Of the 3 measures which focused specifically on lower limb function (CSQ, LEFS and RMI), the CSQ only evaluated stair climbing. The LEFS and RMI evaluated mobility in a number of different common situations and were broadly hierarchical in nature starting with easier items and progressing to more difficult items. The RMI was shown to be a unidimensional scale with a hierarchy of easy-to-hard items (65). The difficulty of items in the RMI was demonstrated to be stable when applied to different groups of patients assessed on different occasions in the same study. The RMI was developed and tested specifically with a population of patients with neurological impairment, while the LEFS was developed with patients with musculoskeletal problems, although it has been used in neurological populations. The RMI is therefore recommended as a hierarchical measure of lower limb active function, but may not address function at a very high level and therefore have a ceiling effect. The LEFS could be an option to evaluate high level function from a patient report perspective, but would need specific testing for patients with neurological impairment and therefore can not be recommended without further evaluation, which would be valuable.
Search strategy and PROM selection
The search strategy applied has enabled selection of measurement tools applied in research studies of patients with acquired brain injury including stroke. The use of two systematic searches has 1) facilitated the initial identification of relevant measures, and 2) been followed by a detailed evaluation of their published psychometric properties.
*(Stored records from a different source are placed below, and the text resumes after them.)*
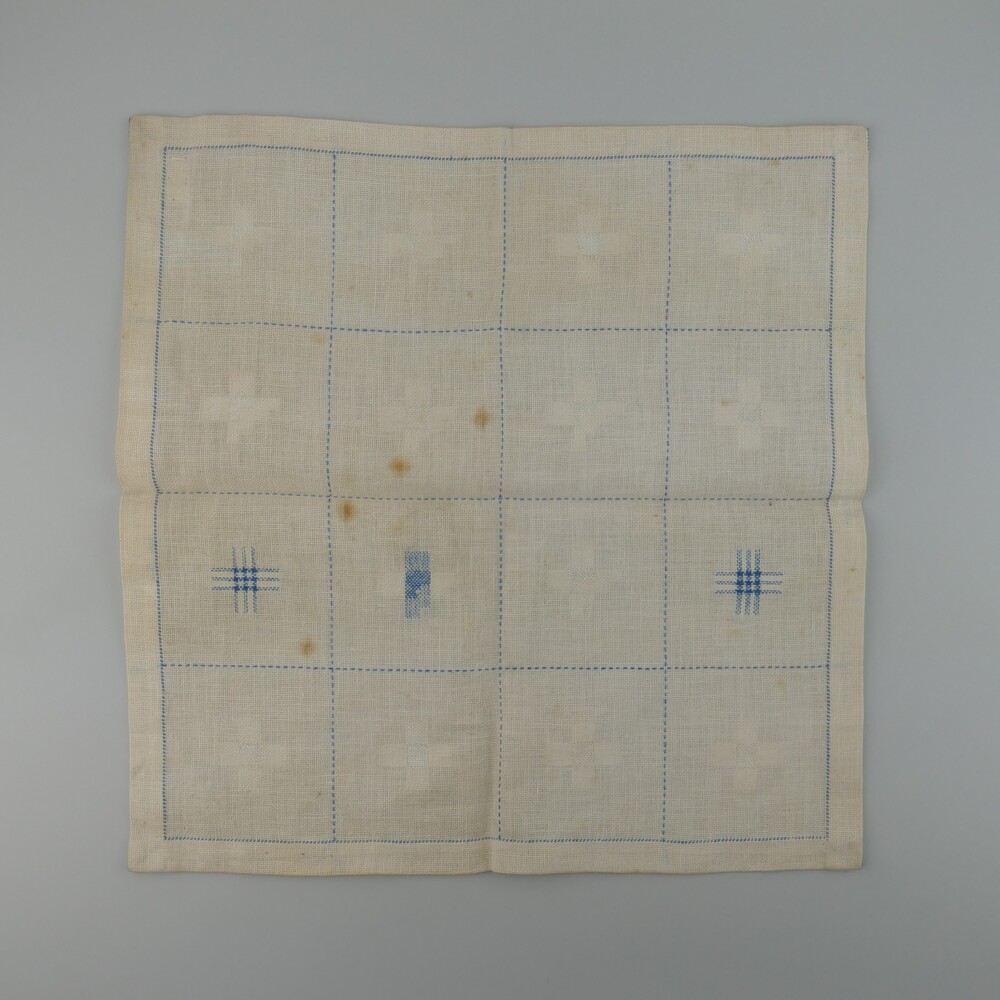 proeflap van stoplap met blauw en wit garen in 16 va...
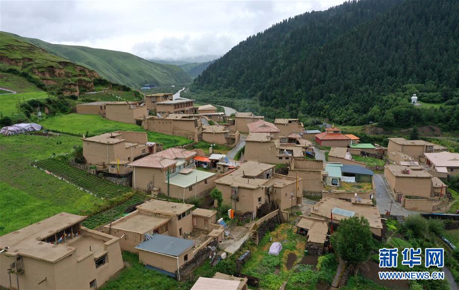 7月5日拍攝的阿壩縣查理鄉(xiāng)神座村(無(wú)人機(jī)照片)。新華社記者陳天湖攝
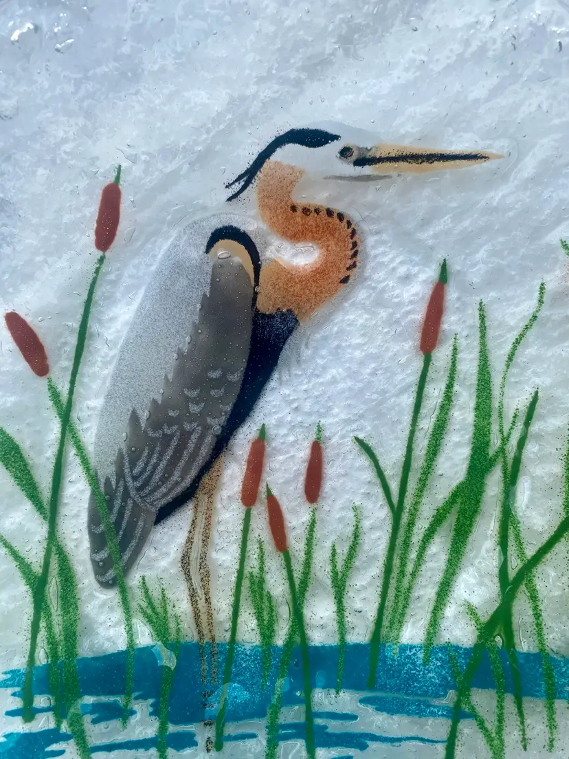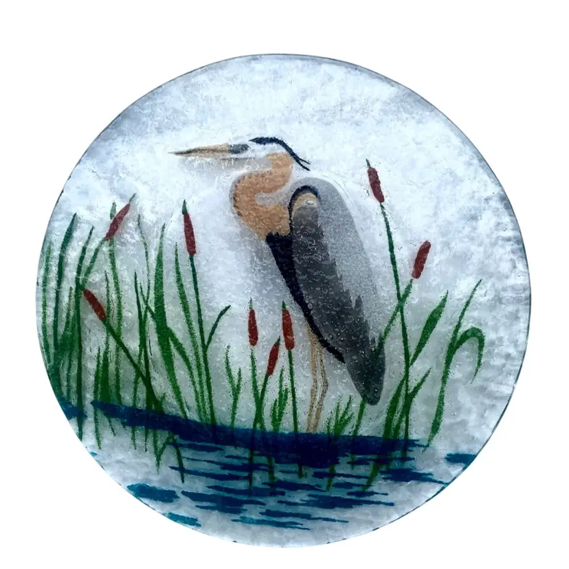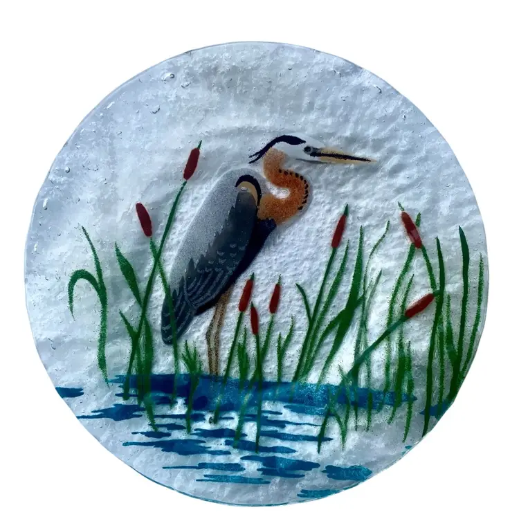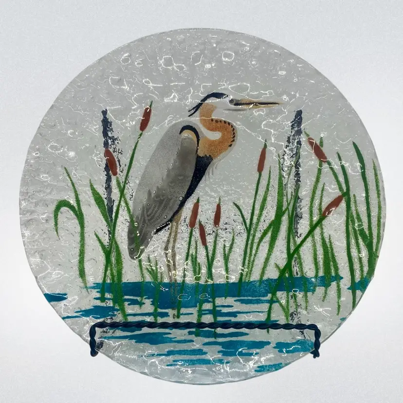 This is a fused glass plate by Ann C Ross featuring a heron in cattails. The glass is clear and textured. The background paper is showing through, but it is actually clear. It is in very good condition with a possible light scratch or 2, but otherwise perfect, with no chips or cracks. The signature is difficult to find, but it is on the back on the dark grey part of the wing. The plate measures 10” in diameter. The first photo shows the coloring best.
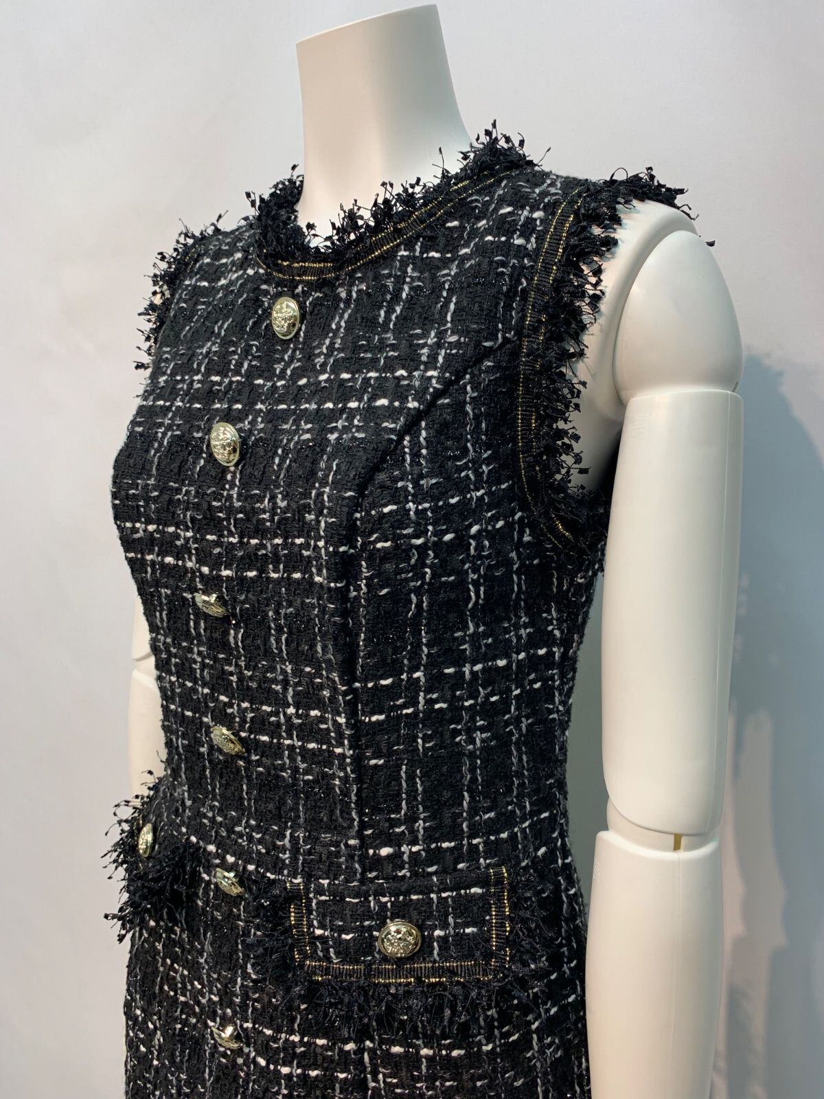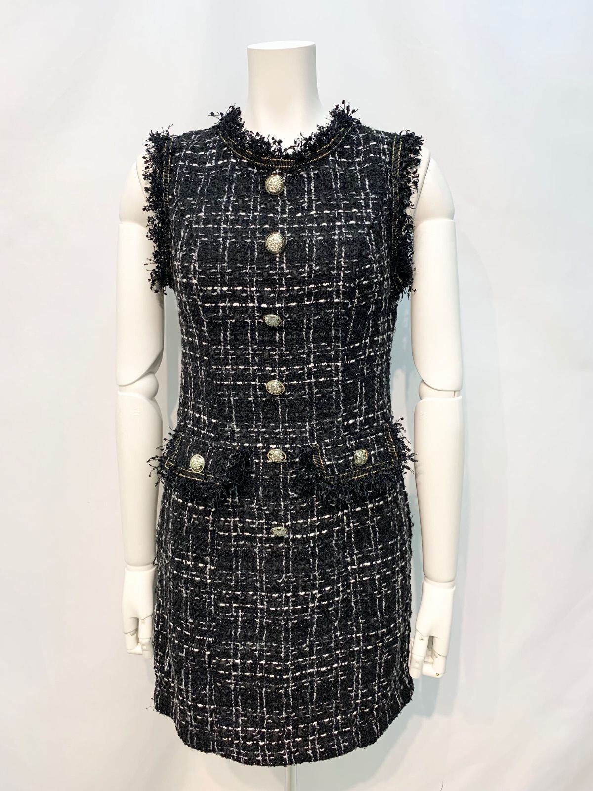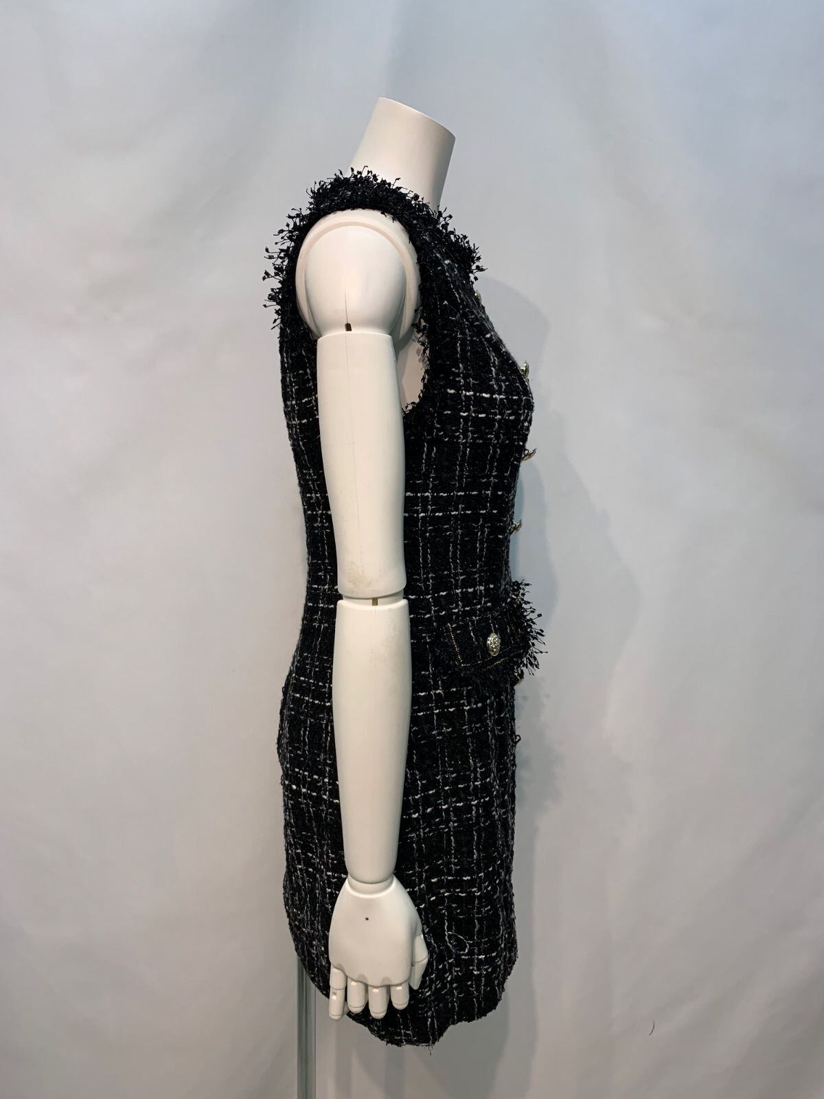 1730 キャバクラ ドレス ツイード ラメ キラキラ ノースリーブ ゴールドボタン タイト キャバドレス XS
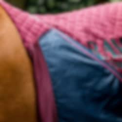 For a secure fit, the rug fastens at the front with a sleek leather buckle and is secured with two cross surcingles under the belly. An extra-wide tail flap protects the tail from rubbing and adds extra comfort during travel.
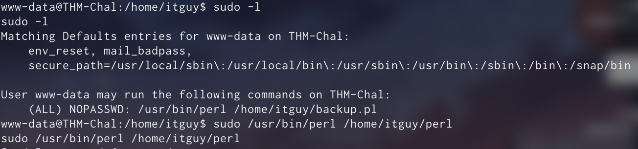 이후 backup.pl을 실행 시키키 위해 sudo -l 명령어를 통해 perl이 sudo로 실행 가능한지 확인해봅시다.
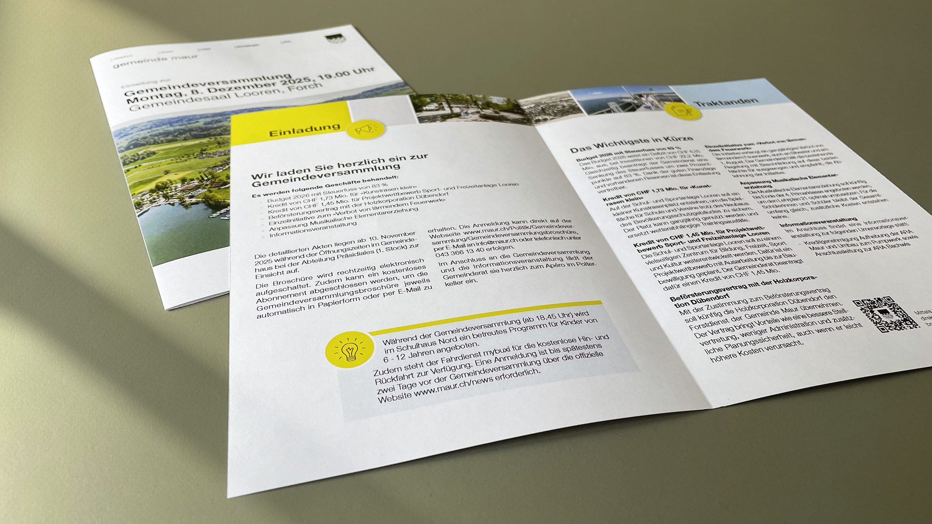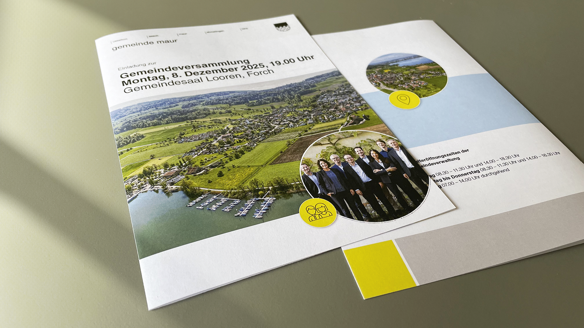 Die folgenden drei Beispiele veranschaulichen, wie klassische Printprodukte zur effektiven Öffentlichkeitsarbeit in der Gemeinde Maur eingesetzt werden können. Printmedien ermöglichen eine zielgerichtete und fassbare Ansprache unterschiedlicher Zielgruppen und gewährleisten eine konsistente Informationsvermittlung innerhalb der Gemeinde.
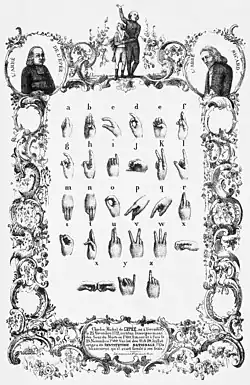 - ↑ J. Hay und R. Lee: Eine bildliche Geschichte der Entwicklung des britischen manuellen Alphabets (englisch). In: Deafness and Education. vol. 21, 1997.
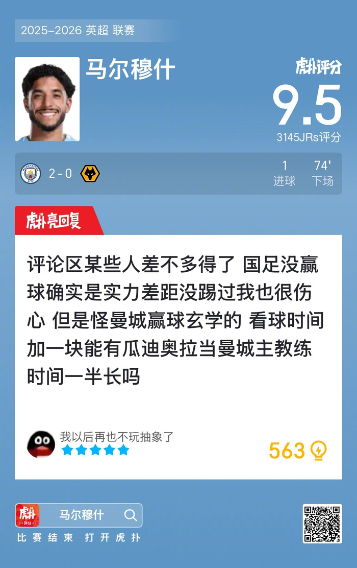 #曼城2比0狼队#马尔穆什打进一球,这表现你给几分?
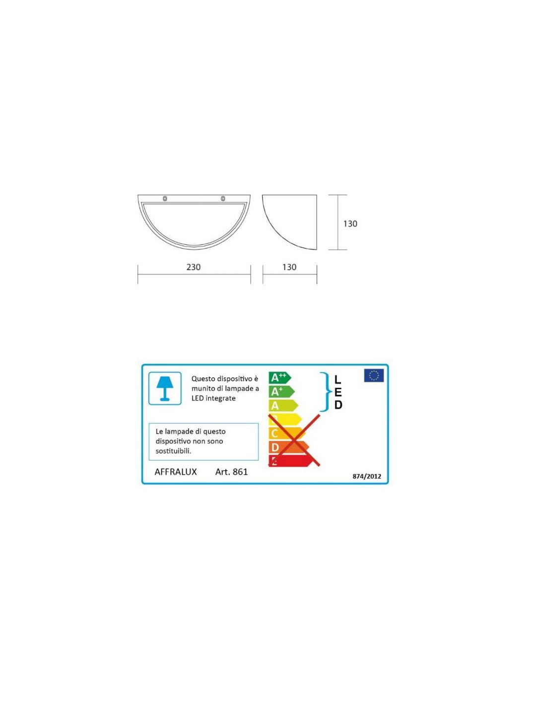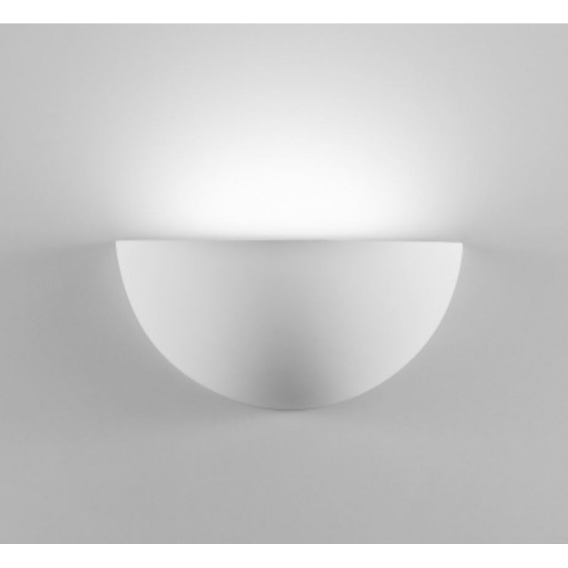 Applique modello QUARTO con struttura in gesso a forma di mezza luna e diffusore satinato in PMMA rimovibile per un’illuminazione verso l’lalto.
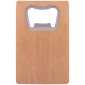The bottle opener is made with genuine wood veneer. To achieve a more natural look, opt for a tone on tone imprint (PMS 4625). Metal components comply with FDA standards. Complies with Prop 65. 2 1/8" L x 3 3/8" W x 1/8" H
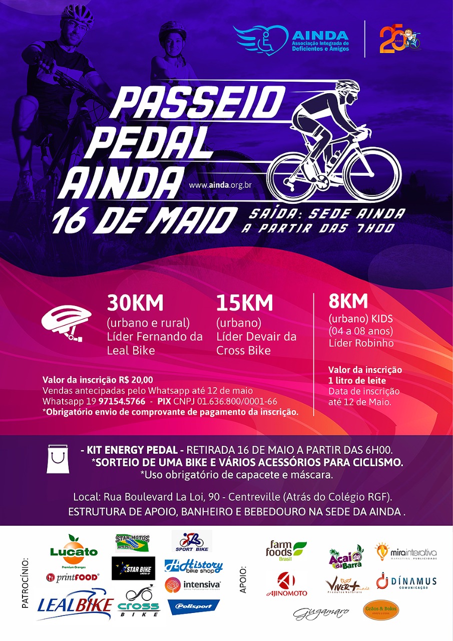 A Associação Integrada de Deficientes e Amigos de Limeira (AINDA) promoverá, no dia 16 de maio, a primeira edição do “Pedal AINDA”. O evento vai reunir ciclistas de Limeira e região para percursos urbano e rural de 30 e 15 km.
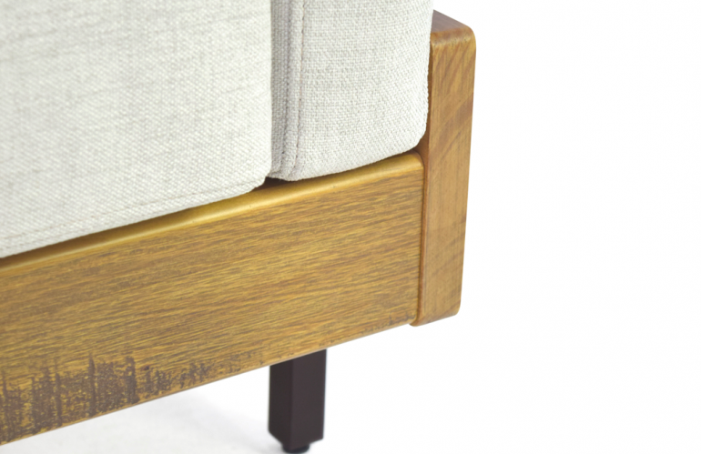 Um dos lançamentos será o Sofá Detroit, que possui estilo industrial e é feito com estrutura de madeira vazada e ferro na base, e almofadas removíveis, dando mais funcionalidade ao móvel.
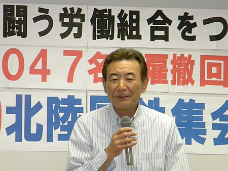 闘う仲間からのアピールでは、富山通運運転助手アルバイトの解雇撤回闘争を闘う当該の北陸ユニオン副委員長が、「会社のいいなりにならないからと労働者を使い捨てることは許せない。自分たちの闘いが北陸の労働者の〝希望の星〟となるように闘い続けたい」と中央労働委員会闘争への支援共闘を訴えました。
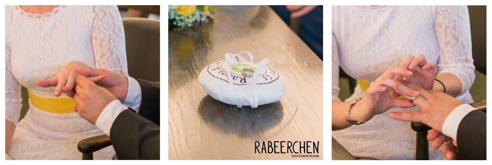 Ausnahmsweise zeige ich Euch hier noch schnell zwei andere Ringkissen, die ich nähen durfte. Das ist mir eine große Ehre gewesen, dass auf diesen beiden Hochzeiten ein Ringkissen von mir dabei war.
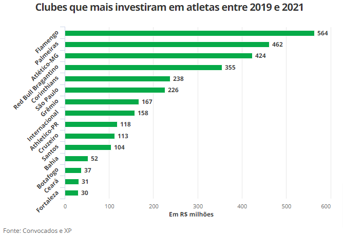 O Red Bull Bragantino também se destaca. Comprado pela fabricante de energéticos em 2019, o clube investiu R$ 355 milhões em contratações. Corinthians, São Paulo e Grêmio aparecem na sequência, porém com relativa distância para os maiores investidores.
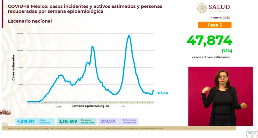 Durante la primera semana epidemiológica de 2022 y las últimas dos del 2021, hay en México 47 mil 821 casos activos estimados, detalla el secretario de Salud, Jorge Alcocer.
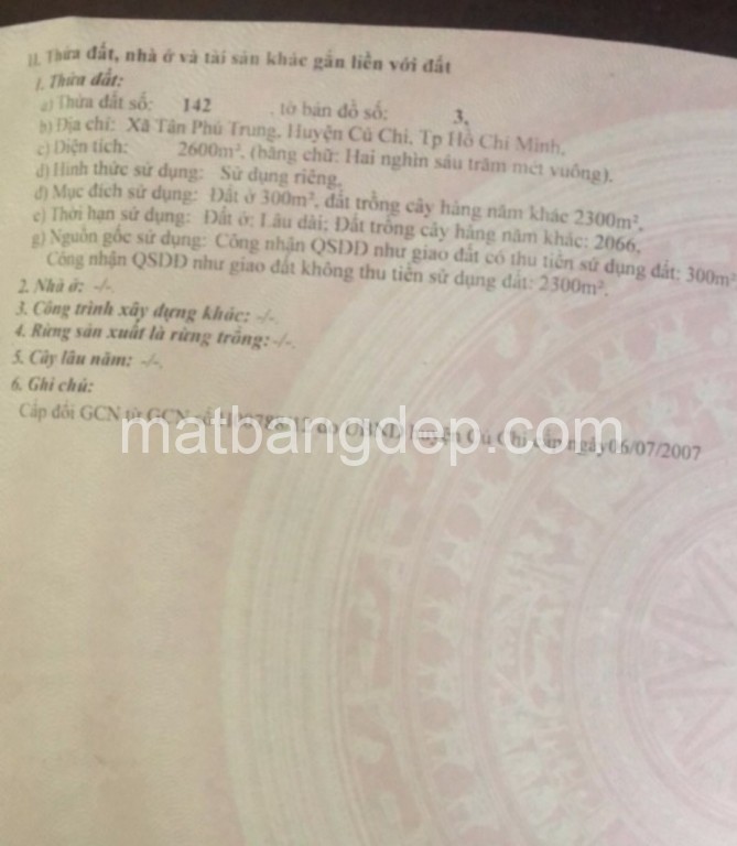 Bán đất thổ Đường Hồ Văn Tắng, Xã Tân Phú Trung, Huyện Củ Chi. DT: 14m x 45m, diện tích: 542m2 giá: 14.0 tỷ, 25.83 triệu/m2, 1000 triệu/mét ngang

A range of patient-reported tools evaluating active function were identified, but no tool evaluating passive function. The search strategy focused on identifying patient reported tools, evaluating active and passive function. However, on reflection, the use of passive function as a search term, while appropriate, may have (in theory) excluded possible tools where authors had not used this term or concept. Other search terms such as ‘personal care’ could have been considered. We are, however, not aware of such tools from our research or clinical experience. The search did not include all possible search engines (e.g. PEDro), but did include indexes of publications most relevant to measurement in this area of outcome evaluation. Other measures may have been relevant to evaluate of active function. For example the ABILOCO (106), though applied via interview and not directly patient-reported, would nevertheless be relevant to assessment of this dimension. However ABILOCO was not identified from the stage 1 search or subsequent evaluation. Alongside considering an increase in the breadth of search terms applied, inclusion of other search engines could also be considered in future expanding on this review.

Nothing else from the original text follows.